Tags: arcade , Canada , community , fandom , Galaga , geekery , Ms. Pac-Man , Pac-Man , Space Invaders , Toronto
I wish i could say i know what you mean.
Unfortunately I'm part of an age flux, at only 17 [and the fact that I'm Australian] means i didn't really get included in the "old school" era of public gaming, my favorite "vintage" game [which i played just today] is ascendancy for the pc from 1995.
with the advent of widespread online gaming though the next generation of gamers are being taught in just as social an atmosphere. But since its totally online there is no accountability, as i assume there was when actually watching someone tank or succeed at any given game back in the arcade days.
—
Ainslie
It was pretty much the only social space that I frequented. From ages 8 through 12 my best friend and I would detour through the arcade on the way home from school every day. It was called Time Machine. We never had much money, but we would accept our outcast nerd fates and go for the games that the other kids didn't play. I especially liked Jungle Hunt. And Pengo. And this game called Ladybug where you had to collect letters spelling the words "extra" and "special".
The day that Dragon's Lair came to the arcade was very special. Magically, there were people that could already play it perfectly and we didn't care that we seemed even dorkier for hanging around the machine and memorizing the order of directional taps on the joysitck. It cost 50c for a game, so we really didn't get to play much ourselves.
When I set up MAME on a machine a few years ago I played most of those games again. I did play in groups. I played with my math nerd friends. Dragon's Lair wasn't available though. I guess it was just too advanced.
—Quixote
I like the seedy atmosphere at the Korea town internet joints as well and have been frequently with some other adults suffering from FMS (Failure to Mature Syndrome) to play LAN games. I recently got a PS2 and here' s the weird thing ... it makes me feel more lonely than playing by myself on my G3. I guess there's simply some company in the knowledge that the G3 is online, eventhough I'm only killling Zerglings on my own little hard drive. Am I cracked? Are these the first stages of a deadly cyborg-ist dependency on my computer?
—
sally
Y'know, if you unplug Burger Time and then plug it back in, it gives you 99 free credits. It's a lousy game, of course, but you're less likely to get kicked out of the arcade for loitering if they see you playing something every now and then. This is a good trick if you're cheap like me and can have a good time just hanging out and watching other people play.
—Jeff
ever been spanked in a quake 3 one vs. one match, while 8 spectators waiting to play mock your pathetic performance? that kind of humiliation feels VERY public. sure you can change your gametag but at that moment the shame is almost existential.
—gbaby
Ahhhh yes, this certainly brings back memories.

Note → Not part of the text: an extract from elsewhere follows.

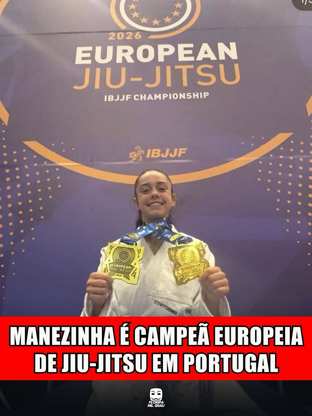 A manezinha Ester Boeing Pacheco, de 15 anos, conquistou o título do Campeonato Europeu de Jiu-Jitsu, na faixa azul juvenil, em Lisboa, nessa quinta-feira (22). É Floripa no topo do mundo, môquiridu!

The
first video game I ever played was Donkey Kong (in
the local K-Mart). I held the door open for some guy
coming out of the store, so he gave me a quarter as
a reward. I was about six years old and I wasn't
sure if I was supposed to be controlling Mario, the
big ape in the top corner, or one of the barrels.
From Mr. Do to Bubble Bobble to Double Dragon, those
games were one of the great things about being a kid
in the 80's. I agree with the premise of this article:
I enjoy console games but for different reasons. The
gritty atmosphere of arcades and the tactile feel of
an arcade machine is not present in an Xbox or GameCube.
And there was a certain excitement about beating the
the older kids (although it could lead to getting
beaten-up the minute you walked out the door). ;)
—AcidCat
Ahhhh, I still visit the remaining arcade just north of Yonge and Dundas...
RPGs and FPS don't appeal to me, give me the 5 minutes for 25 cent machines anytime.
The MAME stuff is cool, but not the same, but as Matt Johnson says "All the money in the world couldn't bring back those days".